Closed WrathfulSpatula closed 3 years ago

WrathfulSpatula commented 4 years ago

When we received a grant from the Unitary Fund, our stated intention was to complete a set of benchmarks that was generally meaningful across quantum computer simulators, native hardware, and practical high performance computing. We made a lot of progress, but several things put us off-track:

All three of these issues have settled: I've begun to focus on external integrations rather than internal performance for Qrack, we fixed the Sycamore circuit bug, and I have settled into a new normal, per COVID-19, and I have to the capacity to finish a round set of benchmarks.

I apologize for the delay in updating benchmarks, recently, but at least we've made a ton of progress on the framework, in the meantime.
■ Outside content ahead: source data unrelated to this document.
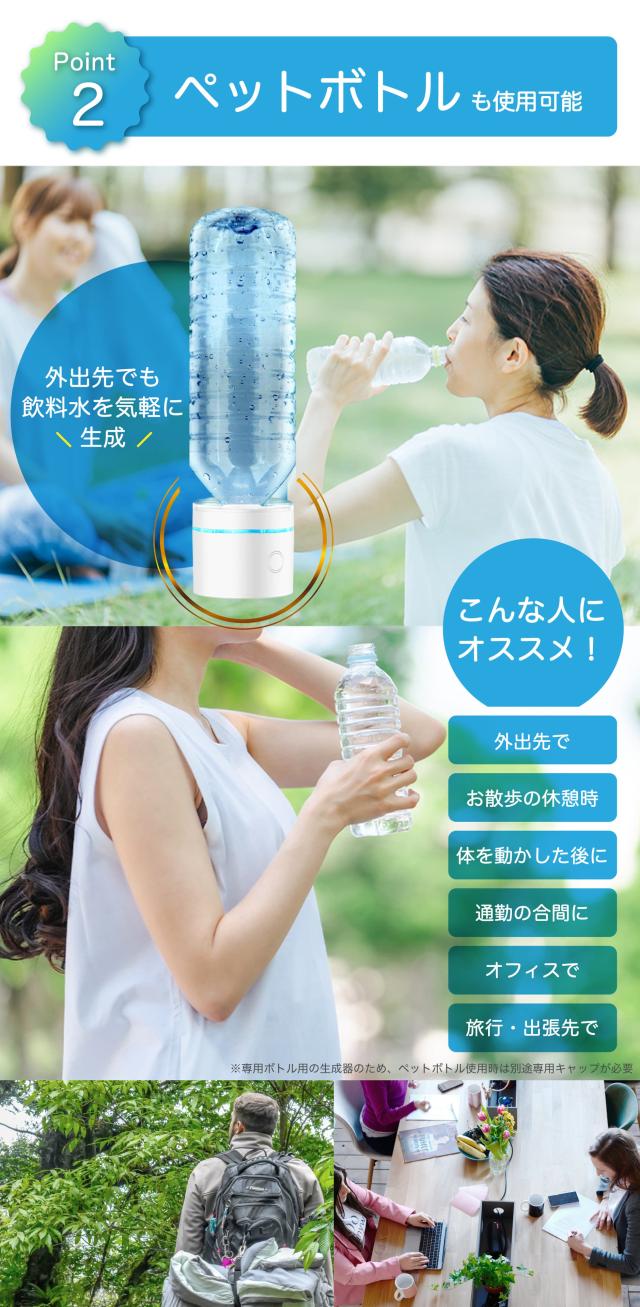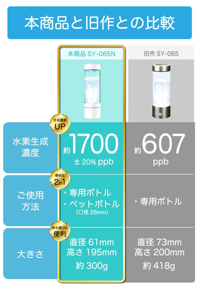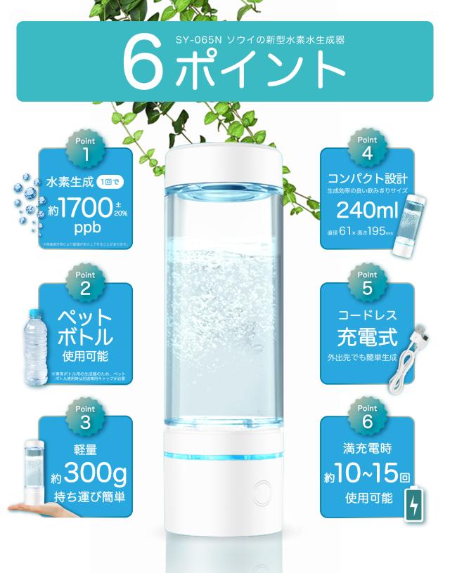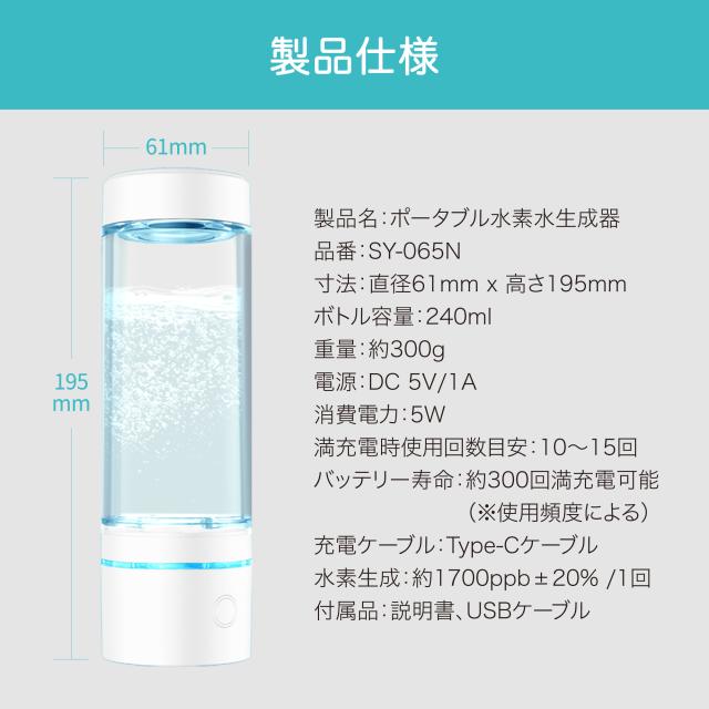 水素生成器 SY-065N 水素水生成器 専用キャップでペットボトルでも水素生成 水素水ボトル | 高濃度 高濃度水素水 水素 水素水 水素水ボトル ウォーター 水 ミネラルウォーター 水素 充電式 ポータブルサーバー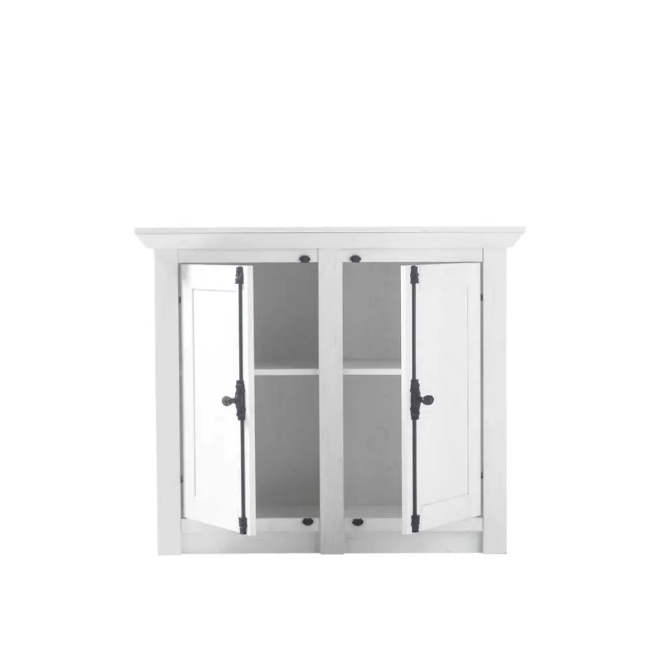 Die Schubladen sind mit soliden Metallauszügen ausgestattet, die reibungslose Bewegung und Stabilität gewährleisten. Die klassischen Knopfgriffe und rustikalen Stangengriffe aus Metall in Schwarz setzen einen optischen Kontrast und verleihen dem Set eine besondere Note.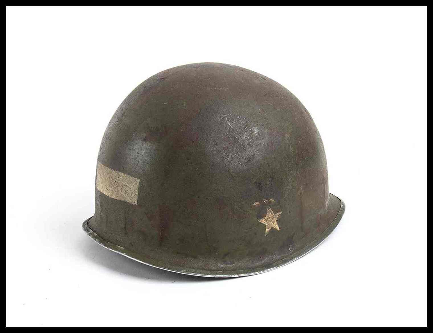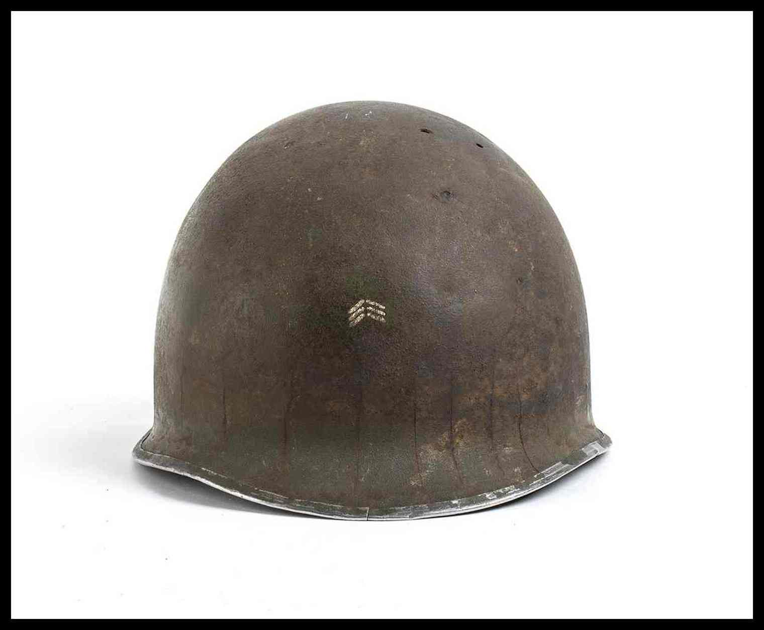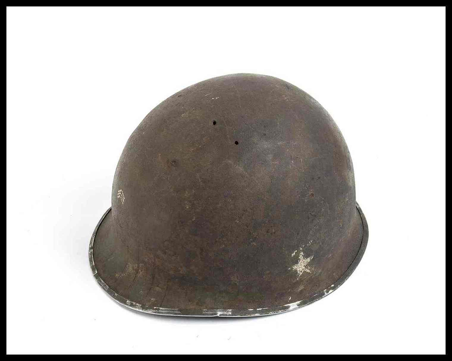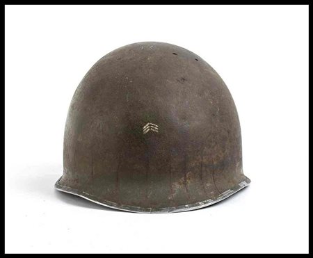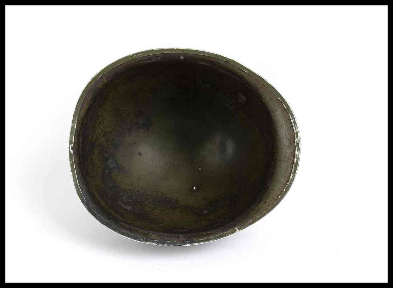 M1 con saldatura frontale, resti di fregi, parzialmente tinto in verde caki, senza ganci

First priority for Qrack, for the next few weeks, is completing our planned program of benchmarks. (I can run these passively while I tinker with the Unity3D and Q# integrations via the DLL, without fear of invalidating the benchmarks.)

WrathfulSpatula commented 3 years ago

On 2/13/21, it's time to finalize a good round of benchmarks. We had previously used the AWS g3s.xlarge for Qrack benchmarks, but I think this is not any longer our most cost-efficient option. QUnit and "hybridization" between CPU, GPU, and "stabilizer" formalism make good use of at least a modestly sized CPU alongside a GPU, and the g3s is too small of a CPU for its GPU, for our purposes. (In terms of cost efficiency, while the g3s did previously seem to be the lowest cost-to-throughput option we had on AWS despite this, it also comes at a premium relative the cost/performance trend line of the g3 series.) We probably want a single GPU VM, but one with any larger CPU than the g3s, and I'm pricing out options now.

WrathfulSpatula commented 3 years ago

The g4dn series looks like the way to go. AWS advertises it as the lowest cost set of options for small scale training, (basically single GPU, in our case). We have some credits "to burn," so I'll take the opportunity to experiment with multi-accelerator and maybe even bare metal in the broader g4 series, as well, right now.

WrathfulSpatula commented 3 years ago

We have since updated the benchmarks, in the documentation. (Since that update, #697 hopefully even improves mid-range performance, but with the caveat that this depends on total QUnit qubit width, rather than sub-unit widths.)